Writing a book is like breaking lake ice with a hammer

To succeed: Strike the ice with a hammer in one place; and write in one voice on a single topic.
CorporateNature Metaphor Series, No 123

Writing a book is a long-term commitment to a daunting project: it requires continuous effort in the same direction. In nature, this process resembles breaking lake ice in the winter to create a fishing hole. Here are the key similarities: 

1. Book-writing and ice-breaking require multiple blows

Every book begins with an idea in the author’s mind. The aim of the author is to formulate this idea clearly and build an argument around it that is convincing enough to “hammer” the key points home. A compelling argument evolves over the space of multiple chapters where each consecutive chapter builds on the previous one, going deeper into the subject matter. Metaphorically speaking, each chapter represents a hammer blow on the surface of the frozen lake. With each blow, the ice gets weaker and the end goal of breaking it draws nearer.

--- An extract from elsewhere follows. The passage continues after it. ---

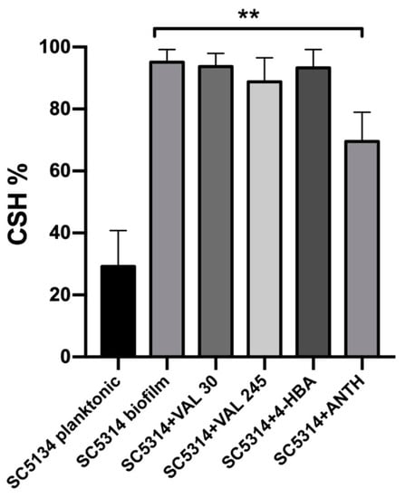 Cell surface hydrophobicity (CSH) is not altered by 4-HBA (3.5 μM) and VAL (30 and 245 μM) alone, whereas Anthocran® 0.1 mg/mL significantly affects the yeast surface hydrophobicity. Data represented the mean ± SD of three independent experiments. Data sets were compared by one-way ANOVA, ** p < 0.01.
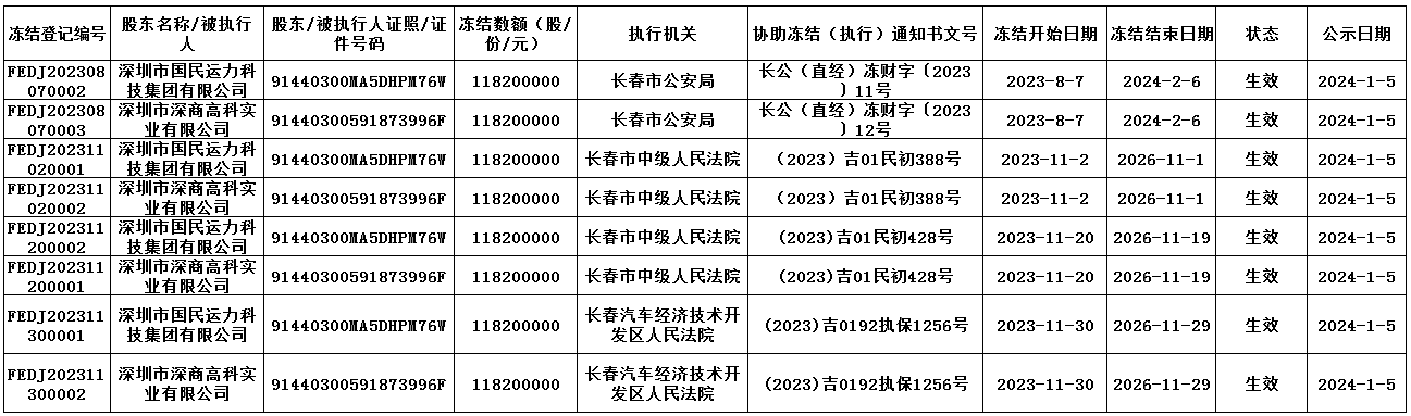 依據(jù)長春市公安局《協(xié)助凍結(jié)財產(chǎn)通知書》[長公(直經(jīng))凍財字〔2023〕11號)]、長春市人民法院《協(xié)助執(zhí)行通知書》[(2023)吉01民初388號]及長春汽車經(jīng)濟(jì)技術(shù)開發(fā)區(qū)人民法院[(2023)吉0192執(zhí)保1256號]等文件,我中心為海口聯(lián)合農(nóng)村商業(yè)銀行股份有限公司(企業(yè)代碼:893529)股東深圳市國民運力科技集團(tuán)有限公司、深圳市深商高科實業(yè)有限公司辦理股權(quán)凍結(jié)/股權(quán)輪候凍結(jié)登記,具體情況如下:

2. Striking in a focal point works better than scraping and thinning a wider area

When writing, it is essential to have the core idea firmly fixed in your mind in order to keep each chapter focused on the topic. While different chapters view the topic from different angles, they are all directed towards the same end. Getting distracted by chasing multiple topics will not get you space on the shelves of the bookstores. Similarly, breaking the surface of a frozen lake requires blows in the same spot. After all, you won’t make a hole in the ice by scraping and thinning a wide area of the ice sheet with a knife.

3. Editing is gnawing

Editing is a crucial aspect of successful writing. The editing process is gruelling work because it requires making tough choices. In nature, Arctic seals in the winter need to maintain the holes in the ice sheet to be able to come out on the surface to breathe. They do this by constantly gnawing ice off the edges of the hole to keep it from freezing over. Similarly, editing requires constant gnawing, milling and perfecting of the text and ultimately of the ideas. 

And when you eventually succeed in digging a hole in the ice, be careful not to drop the hammer in the lake. You may need it for digging another hole, i.e. writing another book.